◆ **PROBLEM TO WORK ON**
The response should hold each line from the entries below where "được" is found.

*** RECORDS ***

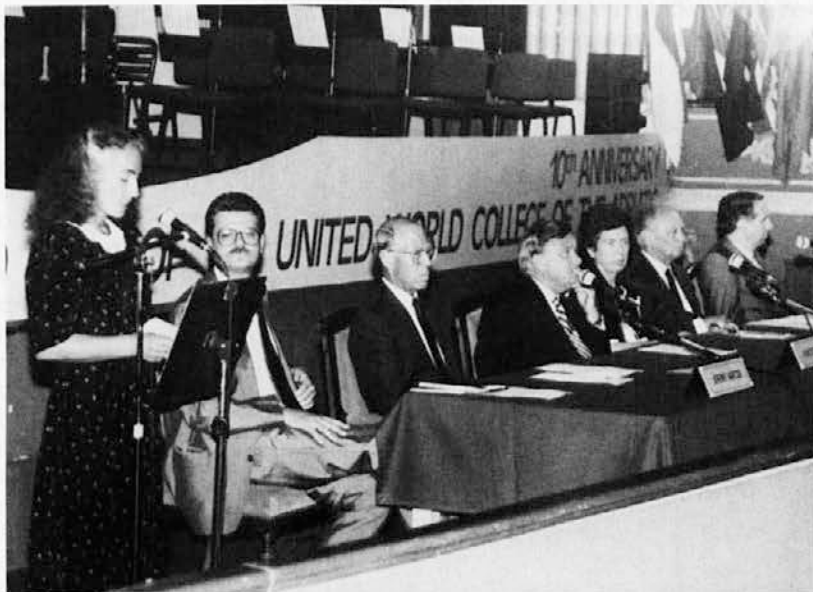
Predstavniki zavoda združenega sveta v Devinu na slovesnosti na Pomorski postaji v Trstu ob 10-letnici
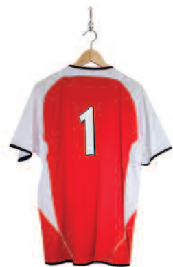
De sportvereniging professionaliseert
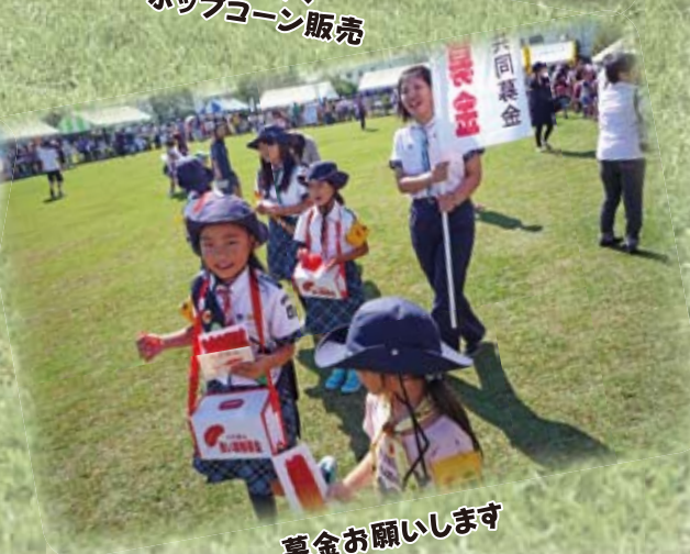
募金お願いします
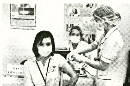
Công nhân các khu công nghiệp ở Bắc Ninh, Bắc Giang được ưu tiên tiêm vắc-xin

người được tiêm vắc xin vào tháng 6/2021. Mục tiêu của Chính phủ là có đủ 150 triệu liều vắc xin cho nhóm dân số có chỉ định tiêm vắc xin. Rõ ràng, số lượng vắc xin mà chúng ta còn thiếu là rất lớn. Theo kế hoạch, Việt Nam được tài trợ 38,9 triệu liều vắc xin và đàm phán mua thêm 10 triệu liều vắc xin với hình thức chia sẻ kinh phí từ COVAX. Cộng với việc chắc chắn mua được 30 triệu liều vắc xin AstraZeneca, Chính phủ cũng đã hoàn tất đàm phán để mua 31 triệu liều vắc xin của Pfizer. Như vậy, chúng ta cần kinh phí để mua thêm khoảng 50 triệu liều vắc xin.
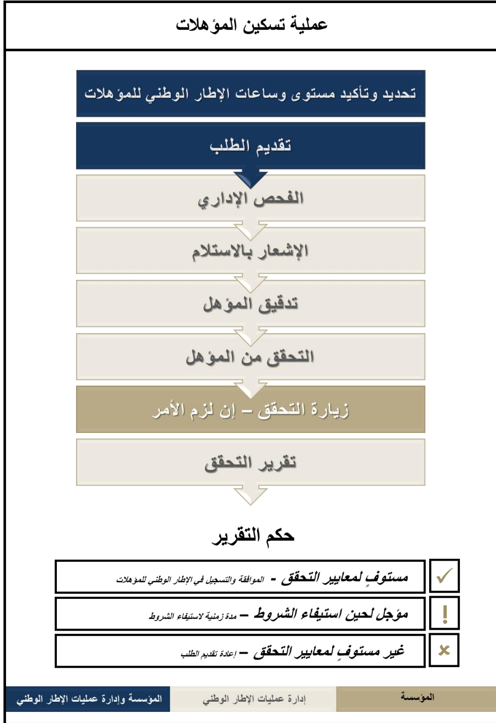
شكل رقم: 5 - عملية تسكين المؤهلات
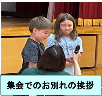
集会でのお別れの挨拶

6月26日~本日7月7日までの2週間、ノルウェー在住の姉弟が、本校に体験入学をしました。はじめは、慣れないことも多かったと思いますが、2年生、4年生の教室で、友達と仲良く活動したり、学習に一生懸命取り組んだりしていました。向上心、向学心、意欲の高い2人に感心する毎日でした。白旗っこのとっても、ノルウェーの文化等に触れるよい機会となりました。楽しい2週間を、ありがとう。また、会える日を楽しみにしています。
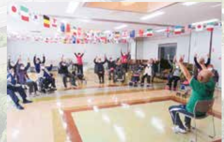
R7.10.31 運動会 / マリア・テレジア

地域貢献活動の一環として、清掃活動やサロン活動、地域行事への参加を継続的に行っています。通学路や施設周辺の清掃を通じて、地域の皆様が安心して暮らせる環境づくりに努めるほか、サロン活動では住民同士の交流を深め、心身の健康を支える場を提供しています。また、お祭りや防災訓練などの地域行事に積極的に参加することで、地域との連携を強めながら、社会福祉法人としての役割を広く知っていただく機会にもなっています。これらの取り組みを通じて、私たちは地域に寄り添い、誰もが住みやすいまちづくりに貢献することを大切にしています。
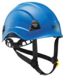
Figura 3. Casco con barbiquejo EN 397
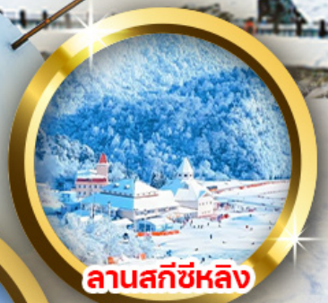
ลานสกีซีหลิง
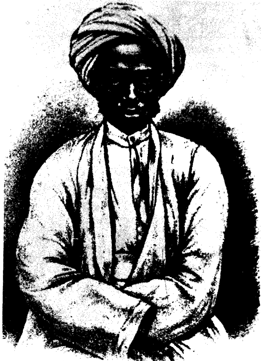
የመጨረሻው የሐረር ገዥ አሜር አብዱላሂ

ጥንት እነ ዐፄ ዓምደ ጽዮን፣ እነ ዐፄ ዘርዓ ያዕቆብ የነበሩበት፣ በግራኝ ወረራ ዋዜማ እነ አባ ገብረ እንድርያስ፣ እነ ራስ ደገልሃን፣ እነ ራስ ወሰን ሰገድ፣ ከግራኝ ወረራ ፍጻሜ በኋላ እነ አዝማች ፋኑ ኤል፣ እነ አቤቶ ሐመልማል የተጋደሉበት ሐረርጌ አሁን በመጨረሻ ዐፄ ምኒልክ ከያዙት ወዲህ ራስ መኩንን ከመኳንንቶቻቸው ጋር ከሸዋውና ከቤጌምድኝ፣ ከጉጃሚውና ከትግሬው፣ ከአሮሞውና ከጉራጌው ተወላጅ ጋር ለዚህ ምድር የአዕምሮና የጉልበት ኃይላቸውን አፍሰውበታል። የነዚህ የቀደምቱ የትክለኞቹ ተወላጆች ዛሬ በሕይወት የሚገኙት አገራ ሸዋ ነው፣ ቤጌምድር ጉጃም፣ ትግሬይ ነው በማለት ፈንታ የሐረር ተወላጅ ነን ይላሉ። ከሀገሬው ተወላጅ ከአደሬው፣ ከሱማሌው፣ ከአሮሞውና ከአሳው፣ ከአዳሉ ጋር ዘራቸውንና ልማዳቸውን ደባልቀው ይኖሩበታል።
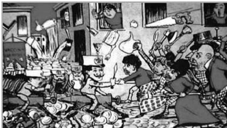
Revolta da Vacina, no centro Oswaldo Cruz, 1904
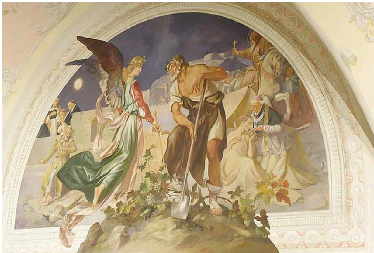
3. Karol Polityński, Chrystus Ogrodnik , 1906, fragment polichromii sali klasztoru Dominikanów we Lwowie (obecnie Muzeum Historii Religii, Lwów)
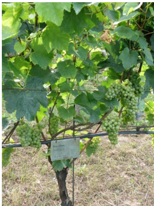
Obr. 1.3 Baco blanc – keř
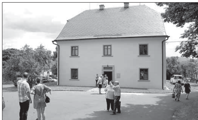
Přestavba starého barokního domu bývalé fary na penzion probíhala přibližně dva roky
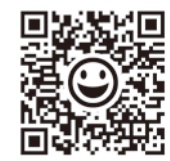
やじろべえページ
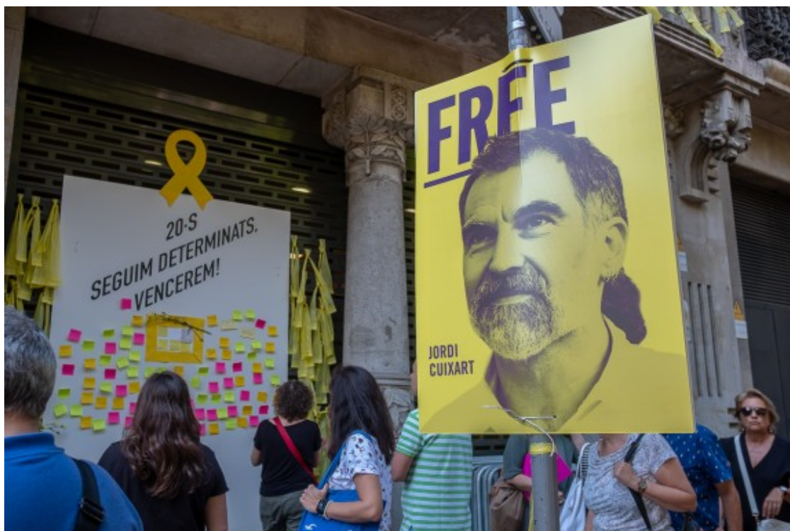
Primer aniversari del 20-S al Departament d'Economia.

- Què està fallant? Vostè prefereix no mirar enrere, no qüestionar-se què es va fer malament o qui n'és responsable, però la manca d'anàlisi compartida és un hàndicap per no posar-se ara d'acord en el com?

*** End of RECORDS ***

◆ **EXERCISE ANSWER**
Công nhân các khu công nghiệp ở Bắc Ninh, Bắc Giang được ưu tiên tiêm vắc-xin
người được tiêm vắc xin vào tháng 6/2021. Mục tiêu của Chính phủ là có đủ 150 triệu liều vắc xin cho nhóm dân số có chỉ định tiêm vắc xin. Rõ ràng, số lượng vắc xin mà chúng ta còn thiếu là rất lớn. Theo kế hoạch, Việt Nam được tài trợ 38,9 triệu liều vắc xin và đàm phán mua thêm 10 triệu liều vắc xin với hình thức chia sẻ kinh phí từ COVAX. Cộng với việc chắc chắn mua được 30 triệu liều vắc xin AstraZeneca, Chính phủ cũng đã hoàn tất đàm phán để mua 31 triệu liều vắc xin của Pfizer. Như vậy, chúng ta cần kinh phí để mua thêm khoảng 50 triệu liều vắc xin.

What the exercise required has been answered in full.